▶ [Problem requirements]: In the records that follow, find the line with "ブラウス トールサイズ レディース"; from there, retype every line exactly through the line with "رئيس جامعة وارث", which also belongs to the answer.

▶ [Information shown]:
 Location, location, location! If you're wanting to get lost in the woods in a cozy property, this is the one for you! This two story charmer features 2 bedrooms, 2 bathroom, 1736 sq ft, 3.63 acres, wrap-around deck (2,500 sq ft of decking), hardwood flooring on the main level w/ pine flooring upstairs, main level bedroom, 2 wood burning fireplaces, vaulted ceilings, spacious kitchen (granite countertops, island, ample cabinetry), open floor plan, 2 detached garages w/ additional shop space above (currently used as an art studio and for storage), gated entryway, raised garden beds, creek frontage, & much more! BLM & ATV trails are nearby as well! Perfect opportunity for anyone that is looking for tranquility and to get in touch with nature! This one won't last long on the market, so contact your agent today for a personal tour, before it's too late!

--

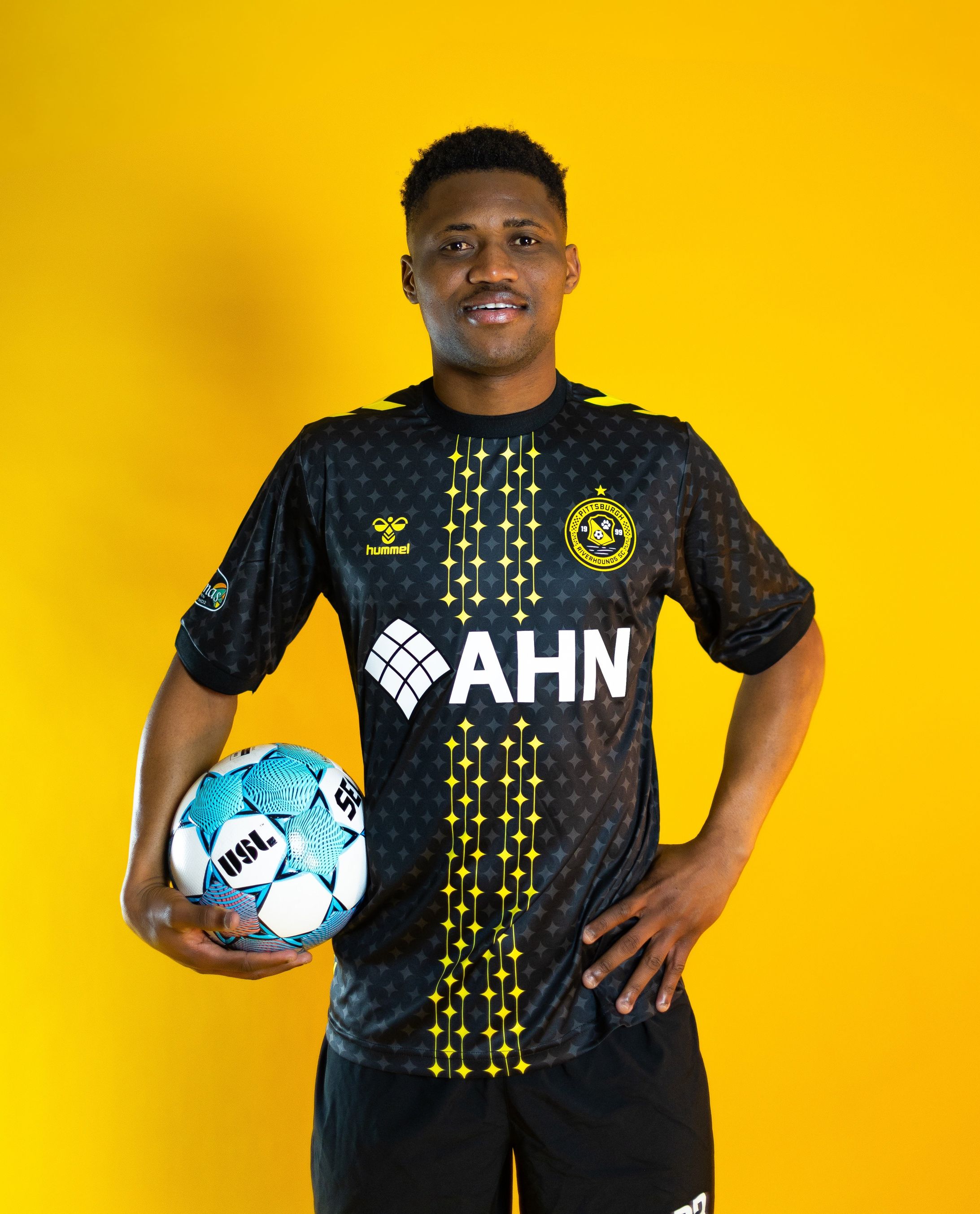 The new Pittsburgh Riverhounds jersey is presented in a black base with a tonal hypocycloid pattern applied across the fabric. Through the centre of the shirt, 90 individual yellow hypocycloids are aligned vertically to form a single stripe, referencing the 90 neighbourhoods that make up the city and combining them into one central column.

==

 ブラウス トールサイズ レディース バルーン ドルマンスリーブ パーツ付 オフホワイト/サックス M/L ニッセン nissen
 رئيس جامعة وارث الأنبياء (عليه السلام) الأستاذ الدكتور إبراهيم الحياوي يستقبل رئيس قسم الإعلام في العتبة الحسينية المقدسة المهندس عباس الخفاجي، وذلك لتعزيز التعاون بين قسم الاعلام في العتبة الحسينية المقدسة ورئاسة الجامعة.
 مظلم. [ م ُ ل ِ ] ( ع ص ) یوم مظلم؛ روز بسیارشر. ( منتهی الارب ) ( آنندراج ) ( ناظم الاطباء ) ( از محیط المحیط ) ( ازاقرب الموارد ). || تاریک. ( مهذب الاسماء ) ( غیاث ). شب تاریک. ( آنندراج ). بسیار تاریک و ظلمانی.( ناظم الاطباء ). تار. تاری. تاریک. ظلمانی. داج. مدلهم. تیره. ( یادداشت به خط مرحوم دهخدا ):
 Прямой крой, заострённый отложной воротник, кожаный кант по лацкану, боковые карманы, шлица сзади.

▶ [Answer to this task]:
 ブラウス トールサイズ レディース バルーン ドルマンスリーブ パーツ付 オフホワイト/サックス M/L ニッセン nissen
 رئيس جامعة وارث الأنبياء (عليه السلام) الأستاذ الدكتور إبراهيم الحياوي يستقبل رئيس قسم الإعلام في العتبة الحسينية المقدسة المهندس عباس الخفاجي، وذلك لتعزيز التعاون بين قسم الاعلام في العتبة الحسينية المقدسة ورئاسة الجامعة.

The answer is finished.